*** Opening RECORDS FOR PROCESSING ***

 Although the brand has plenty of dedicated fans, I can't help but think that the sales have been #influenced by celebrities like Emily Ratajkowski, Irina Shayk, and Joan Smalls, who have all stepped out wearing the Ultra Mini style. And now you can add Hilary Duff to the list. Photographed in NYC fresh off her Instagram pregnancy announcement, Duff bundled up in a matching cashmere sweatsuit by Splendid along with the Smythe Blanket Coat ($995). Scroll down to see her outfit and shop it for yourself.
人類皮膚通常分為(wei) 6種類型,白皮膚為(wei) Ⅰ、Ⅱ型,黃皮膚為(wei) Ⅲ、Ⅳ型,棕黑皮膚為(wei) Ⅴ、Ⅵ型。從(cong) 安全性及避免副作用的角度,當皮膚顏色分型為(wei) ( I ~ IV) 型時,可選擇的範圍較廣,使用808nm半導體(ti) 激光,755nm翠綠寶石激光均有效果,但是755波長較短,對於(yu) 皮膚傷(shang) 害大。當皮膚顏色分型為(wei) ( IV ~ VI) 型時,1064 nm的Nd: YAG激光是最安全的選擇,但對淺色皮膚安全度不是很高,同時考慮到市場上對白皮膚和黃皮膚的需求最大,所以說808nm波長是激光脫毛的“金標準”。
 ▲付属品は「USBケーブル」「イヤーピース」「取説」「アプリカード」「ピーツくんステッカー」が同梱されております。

*** Closing RECORDS FOR PROCESSING ***
*** Opening RECORDS FOR PROCESSING ***

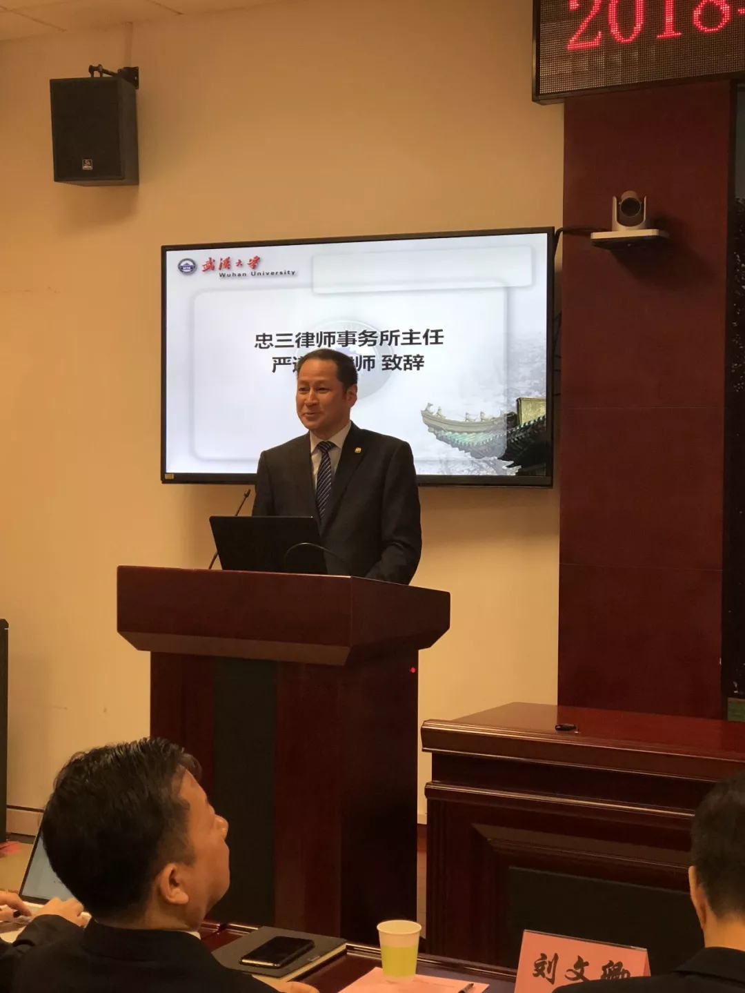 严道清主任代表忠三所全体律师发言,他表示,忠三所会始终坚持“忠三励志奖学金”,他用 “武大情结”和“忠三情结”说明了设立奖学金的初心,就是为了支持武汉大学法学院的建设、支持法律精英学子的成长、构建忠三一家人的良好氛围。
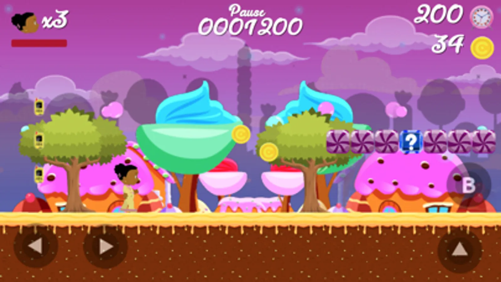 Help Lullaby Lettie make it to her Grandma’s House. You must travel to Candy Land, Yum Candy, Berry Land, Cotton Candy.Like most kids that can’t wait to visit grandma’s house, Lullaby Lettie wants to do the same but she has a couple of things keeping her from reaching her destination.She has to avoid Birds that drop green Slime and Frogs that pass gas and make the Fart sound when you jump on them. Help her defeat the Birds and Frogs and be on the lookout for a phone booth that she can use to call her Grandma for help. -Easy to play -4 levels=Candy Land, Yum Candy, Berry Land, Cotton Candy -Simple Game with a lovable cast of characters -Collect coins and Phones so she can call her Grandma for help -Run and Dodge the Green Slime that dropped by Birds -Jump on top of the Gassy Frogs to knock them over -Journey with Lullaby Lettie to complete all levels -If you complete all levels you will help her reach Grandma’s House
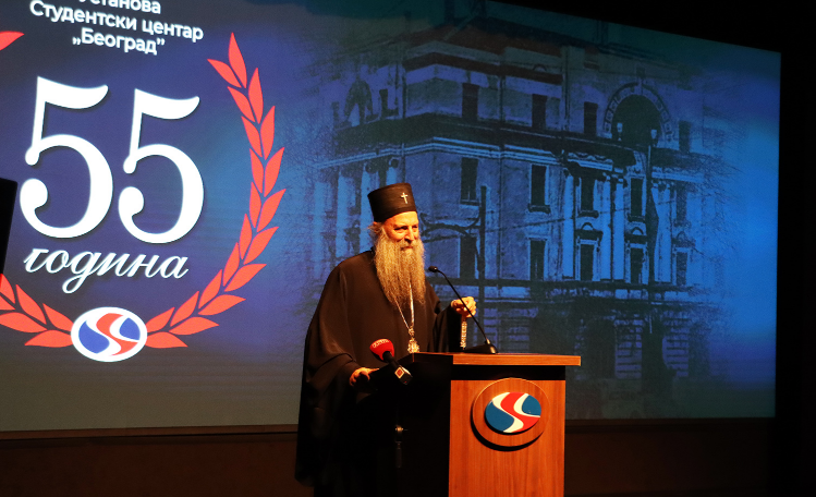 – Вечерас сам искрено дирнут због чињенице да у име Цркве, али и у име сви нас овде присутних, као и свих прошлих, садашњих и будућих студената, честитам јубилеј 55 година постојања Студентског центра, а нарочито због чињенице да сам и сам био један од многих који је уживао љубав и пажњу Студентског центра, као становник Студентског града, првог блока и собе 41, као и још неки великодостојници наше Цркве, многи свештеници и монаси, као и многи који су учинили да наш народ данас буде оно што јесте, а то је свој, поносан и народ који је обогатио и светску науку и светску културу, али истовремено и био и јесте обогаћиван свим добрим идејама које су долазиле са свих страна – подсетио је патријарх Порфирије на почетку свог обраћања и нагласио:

*** Closing RECORDS FOR PROCESSING ***

In the entries above, please find the line with "Although the brand" and the line with "人類皮膚通常分為(wei) 6種類型,白皮膚為(wei) Ⅰ、Ⅱ型,黃皮膚為(wei)", then write out exactly those two lines and every line between them, and nothing more.

 Although the brand has plenty of dedicated fans, I can't help but think that the sales have been #influenced by celebrities like Emily Ratajkowski, Irina Shayk, and Joan Smalls, who have all stepped out wearing the Ultra Mini style. And now you can add Hilary Duff to the list. Photographed in NYC fresh off her Instagram pregnancy announcement, Duff bundled up in a matching cashmere sweatsuit by Splendid along with the Smythe Blanket Coat ($995). Scroll down to see her outfit and shop it for yourself.
人類皮膚通常分為(wei) 6種類型,白皮膚為(wei) Ⅰ、Ⅱ型,黃皮膚為(wei) Ⅲ、Ⅳ型,棕黑皮膚為(wei) Ⅴ、Ⅵ型。從(cong) 安全性及避免副作用的角度,當皮膚顏色分型為(wei) ( I ~ IV) 型時,可選擇的範圍較廣,使用808nm半導體(ti) 激光,755nm翠綠寶石激光均有效果,但是755波長較短,對於(yu) 皮膚傷(shang) 害大。當皮膚顏色分型為(wei) ( IV ~ VI) 型時,1064 nm的Nd: YAG激光是最安全的選擇,但對淺色皮膚安全度不是很高,同時考慮到市場上對白皮膚和黃皮膚的需求最大,所以說808nm波長是激光脫毛的“金標準”。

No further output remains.